[gmx-users] multiple GPU on multiple nodes

Szilárd Páll pall.szilard at gmail.com
Tue Feb 4 12:20:07 CET 2014


On Tue, Feb 4, 2014 at 2:31 AM, Mark Abraham <mark.j.abraham at gmail.com> wrote:
> On Tue, Feb 4, 2014 at 1:51 AM, cyberjhon <cyberjhon at hotmail.com> wrote:
>
>> Dear Szilárd
>>
>> Thanks for your answer.
>>
>> To submit the job I do;
>>
>> qsub -l nodes=2:ppn=16,walltime=12:00:00
>>
>> Then, to run gromacs I can do:
>> aprun -n 1 mdrun_mpi -deffnm protein
>>
>> And, I get the message that you mention, which is good
>> "1 GPU detected on host nid00900:" does not mean that only one GPU was
>> detected."
>>
>> But If I do:
>> aprun -n 2 mdrun_mpi -deffnm protein
>>
>
> Here you are apparently starting two MPI ranks per node, not two total
> ranks!
>
>
>> I get the error mentioned before
>> -------------------------------------------------------
>> Program mdrun_mpi, VERSION 4.6.2
>> Source code file:
>> /N/soft/cle4/gromacs/gromacs-4.6.2/src/gmxlib/gmx_detect_hardware.c, line:
>> 356
>>
>> Fatal error:
>> Incorrect launch configuration: mismatching number of PP MPI processes and
>> GPUs per node.
>> mdrun_mpi was started with 2 PP MPI processes per node,
>>
>
> mdrun can see two ranks on this node, which is apparently not what you are
> trying to do (1 rank on each node, each using 1 GPU)
>
>
>> but only 1 GPU were
>> detected.
>> For more information and tips for troubleshooting, please check the GROMACS
>> website at http://www.gromacs.org/Documentation/Errors
>> -------------------------------------------------------
>>
>> Even if I use -gpu_id 0 or -gpu_id 00, they do not work
>>
>
> They don't matter, because 4.6.2 can't share a single GPU on a node between
> two MPI ranks on that node. More recent 4.6.x can do so, but this is not
> your problem.

That is not the case! mdrun has always supported sharing GPUs among
ranks using MPI, only with thread-MPI was this impossible until
recently! A not was issued in earlier 4.6.x versions as initially we
thought this is rarely needed - which turned out to be false!

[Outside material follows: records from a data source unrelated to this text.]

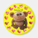 Engraçado Monkey Love Magnet: Faça seus próprios ímãs personalizados como favores de festa de aniversário, presentes de novidade ou como uma imã de geladeira engraçada para seu melhor amigo ou macaco. Este macaco de desenho cercado por um círculo de 15 corações aquarelas pode ser completamente personalizado. Atualmente diz: "Sou Bananas 4 U".... mas faça isso e edite o texto para fazer sua própria mensagem especial. Para alterar a cor do plano de fundo, pressione o botão "personalizar" para exibir o design também. Divirta-se! Você também pode colocar sua foto no lugar do macaco.
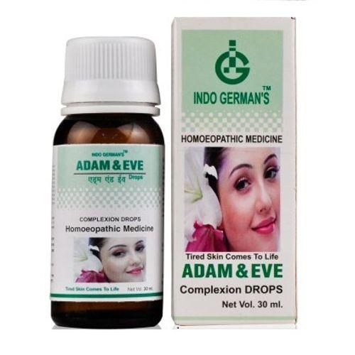 Indo German Adam and Eve Complexion drops is Indicated for Acne vulgaris, pimples, comedones, black head, dry and rough skin, allergic condition. For lighter skin tone, especially recommended for dark rings around eyes.
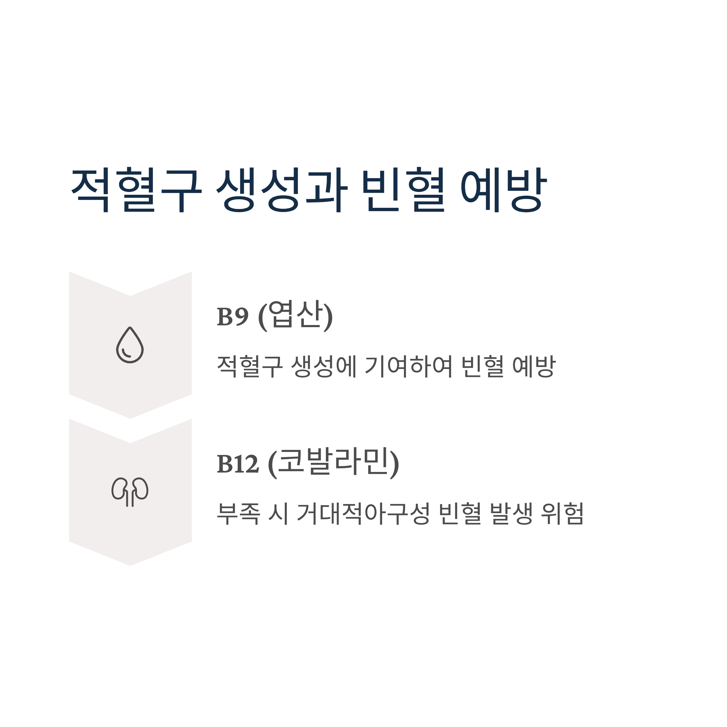 비타민 B9(엽산)과 B12는 적혈구 생성에 기여해 빈혈을 예방합니다. 특히 B12가 부족하면 거대적아구성 빈혈이 발생할 수 있습니다.
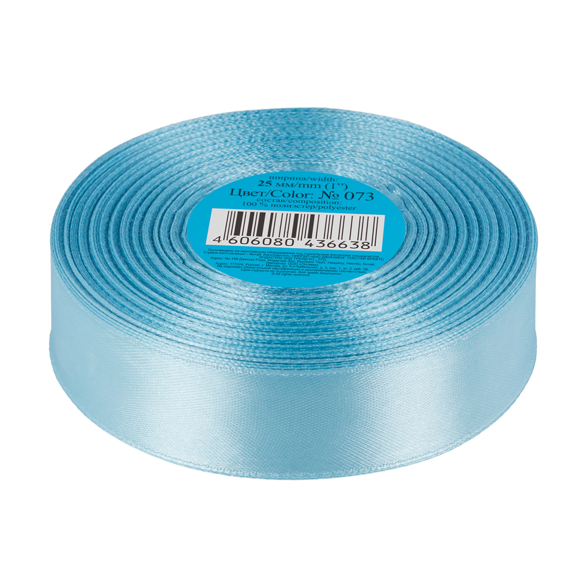 Лента атласная 1-сторонняя 25.0 мм / 33±2 метра, №073 бл.синий, в термоплёнке, Gamma
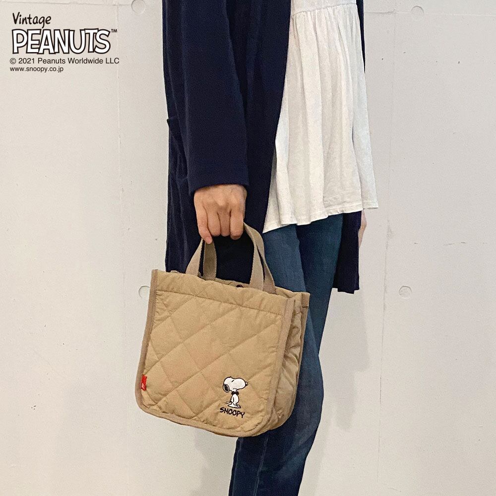 スヌーピーのワンポイント刺繍がかわいい2wayトート。取り外しができるショルダー付きで、トートバッグ・ショルダーバッグとしてお使い頂けます。中綿入りで布地にプクッと立体感が出て、おしゃれでかわいい仕上りに。

Here are the relevant lines of the code in the first 4.6 release:
http://redmine.gromacs.org/projects/gromacs/repository/revisions/v4.6/entry/src/gmxlib/gmx_detect_hardware.c#L398

Cheers,
Sz.

>
> Mark
>
>
>>
>> I also tried what you told me before about CRAY_CUDA_MPS  and
>> CRAY_CUDA_PROXY
>> export CRAY_CUDA_MPS= 1
>> export CRAY_CUDA_PROXY=1
>>
>> I executed these commands before the aprun, and they did not work
>>
>> So, can you tell me what is the command that you use on BW to use the GPU
>> located in each node?
>>
>> Thanks
>>
>> John Michael
>>
>>
>>
>>
>>
>>
>>
>> --
>> View this message in context:
>> http://gromacs.5086.x6.nabble.com/multiple-GPU-on-multiple-nodes-tp5014085p5014254.html
>> Sent from the GROMACS Users Forum mailing list archive at Nabble.com.
>> --
>> Gromacs Users mailing list
>>
>> * Please search the archive at
>> http://www.gromacs.org/Support/Mailing_Lists/GMX-Users_List before
>> posting!
>>
>> * Can't post? Read http://www.gromacs.org/Support/Mailing_Lists
>>
>> * For (un)subscribe requests visit
>> https://maillist.sys.kth.se/mailman/listinfo/gromacs.org_gmx-users or
>> send a mail to gmx-users-request at gromacs.org.
>>
> --
> Gromacs Users mailing list
>
> * Please search the archive at http://www.gromacs.org/Support/Mailing_Lists/GMX-Users_List before posting!
>
> * Can't post? Read http://www.gromacs.org/Support/Mailing_Lists
>
> * For (un)subscribe requests visit
> https://maillist.sys.kth.se/mailman/listinfo/gromacs.org_gmx-users or send a mail to gmx-users-request at gromacs.org.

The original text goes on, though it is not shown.